The choice to query the dashboard rather than SSH directly into Czechia is significant. The assistant already knows from [msg 1168] that SSH is refused — the instance is truly gone, not just temporarily unreachable. The dashboard is the authoritative source for lifecycle state, and the assistant turns to it for the definitive answer. The Python formatting — extracting label, state, bench_rate, and kill_reason — reflects a mind that is categorizing and pattern-matching, looking for the common thread among the failures.
The truncation of kill_reason to 60 characters is a small but telling detail. It suggests the assistant expects long, verbose messages and wants to see the essence without noise. It is the habit of someone who has read too many error messages and learned to extract the signal.
Broader Significance
In the larger narrative of the CuZK deployment, message [msg 1169] is the turning point. It is the moment when the assistant stops treating each failure as an isolated bug and starts seeing the system as a whole — a pipeline that must be robust not just to any single failure mode, but to the combinatorial complexity of multiple interacting failure modes. The graveyard of instances is the evidence that drives the shift from hardcoded thresholds to data-driven experimentation, from reactive firefighting to proactive system design.

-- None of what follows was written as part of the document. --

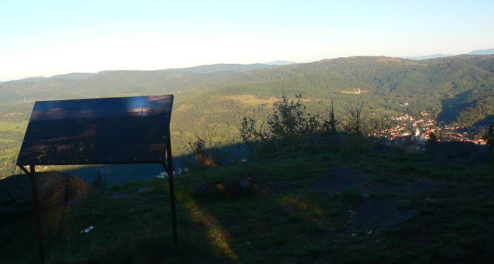 Hore poobzerám, či nejaké rúny nepribudli, ale jediné čo je tu navyše, je pár plastových fliaš a obvyklého bordelu. Aj okolo sedení na Troch krížoch, veď ako inak? Pod trojkrížom je zas vyhliadka, ale taká „sofistikovanejšia“, aj s panoramatickou fotkou a popismi. Odtiaľto je ako na dlani Banská Bystrica, v ďiaľke na obzore sa dokonca belejú premiérovo zasnežené Roháče. Aby sa nepovedalo, že smerom na západ nič, tam vidno vďaka rúbanisku Vtáčnik.

The message is also a study in the emotional register of technical work. The flat declarative tone — "Czechia is also gone" — belies the weight of the moment. Hours of work, two carefully configured instances, thousands of parameters downloaded, proofs synthesized, all reduced to a line in a JSON dashboard. The assistant does not dwell on the loss; it immediately moves to diagnosis and action. But the brevity itself is telling. Sometimes the most significant messages are the shortest ones.